DATASET EXCERPT:
----
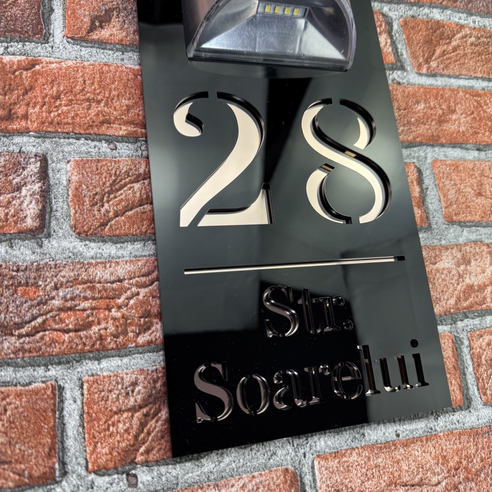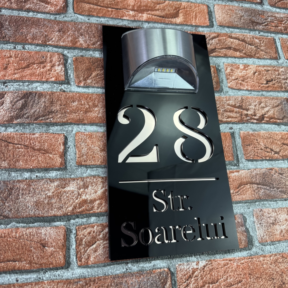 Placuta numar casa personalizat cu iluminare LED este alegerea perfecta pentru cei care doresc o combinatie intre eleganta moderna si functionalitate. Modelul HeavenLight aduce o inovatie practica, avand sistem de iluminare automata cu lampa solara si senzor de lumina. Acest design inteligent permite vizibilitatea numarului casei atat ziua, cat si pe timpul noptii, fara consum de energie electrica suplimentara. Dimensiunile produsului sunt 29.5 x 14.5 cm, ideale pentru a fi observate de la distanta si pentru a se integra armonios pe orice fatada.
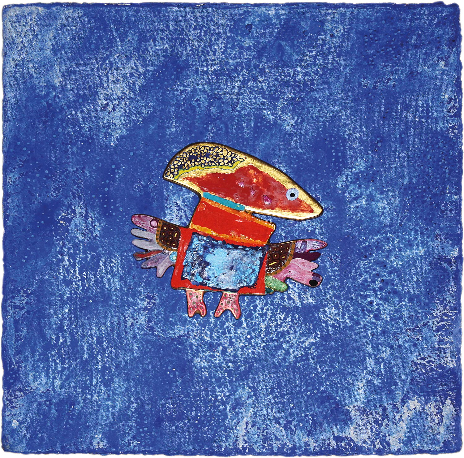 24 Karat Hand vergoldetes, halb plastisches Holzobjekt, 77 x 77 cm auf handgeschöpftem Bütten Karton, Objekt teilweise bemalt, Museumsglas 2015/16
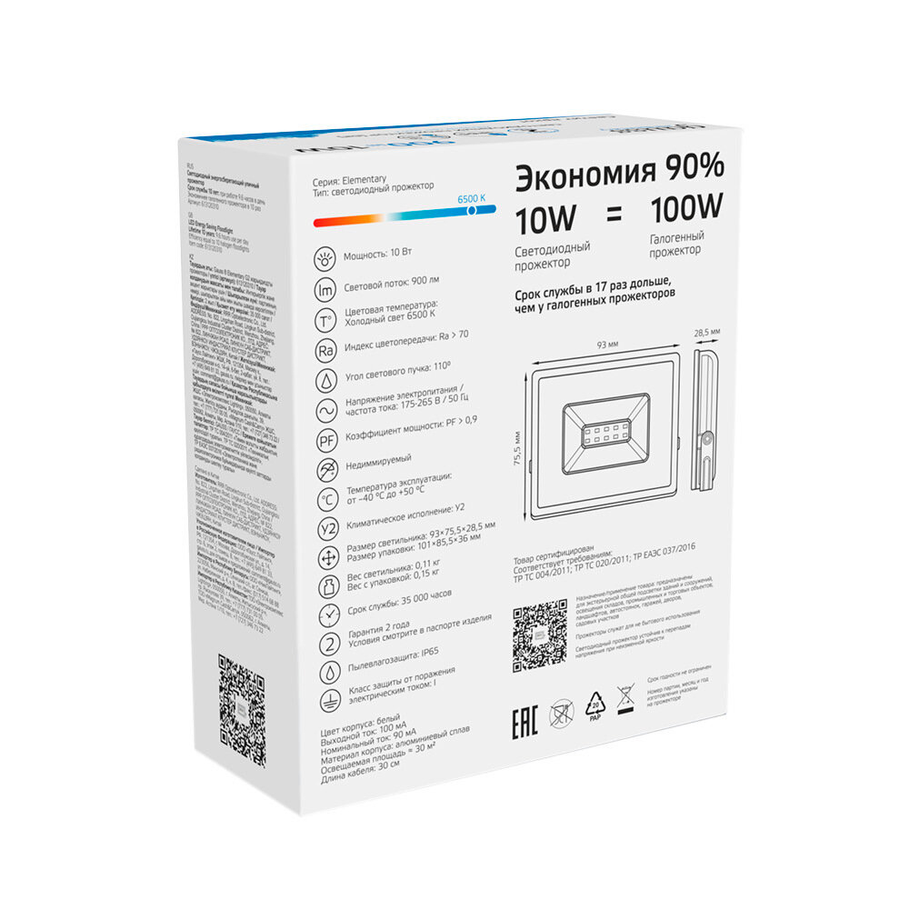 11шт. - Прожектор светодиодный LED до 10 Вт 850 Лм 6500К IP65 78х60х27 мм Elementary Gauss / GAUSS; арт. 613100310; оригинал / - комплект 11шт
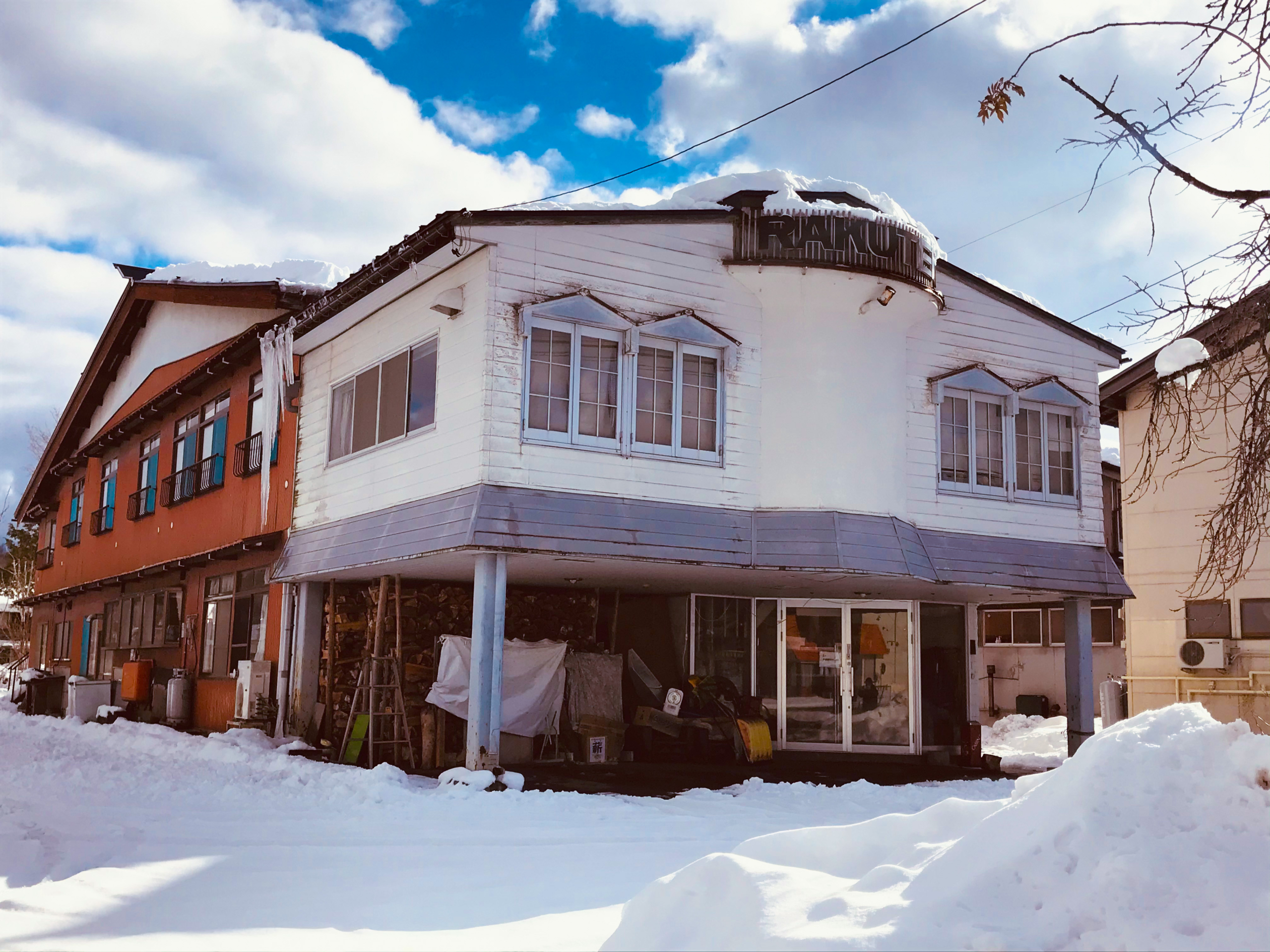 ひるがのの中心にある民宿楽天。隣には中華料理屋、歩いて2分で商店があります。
----
TASK TO COMPLETE: I need the lines from the line containing "11шт. - Прожектор" through the final line of the listing duplicated exactly, both ends included, with no pictures and nothing else.

WRITTEN SOLUTION:
 11шт. - Прожектор светодиодный LED до 10 Вт 850 Лм 6500К IP65 78х60х27 мм Elementary Gauss / GAUSS; арт. 613100310; оригинал / - комплект 11шт
 ひるがのの中心にある民宿楽天。隣には中華料理屋、歩いて2分で商店があります。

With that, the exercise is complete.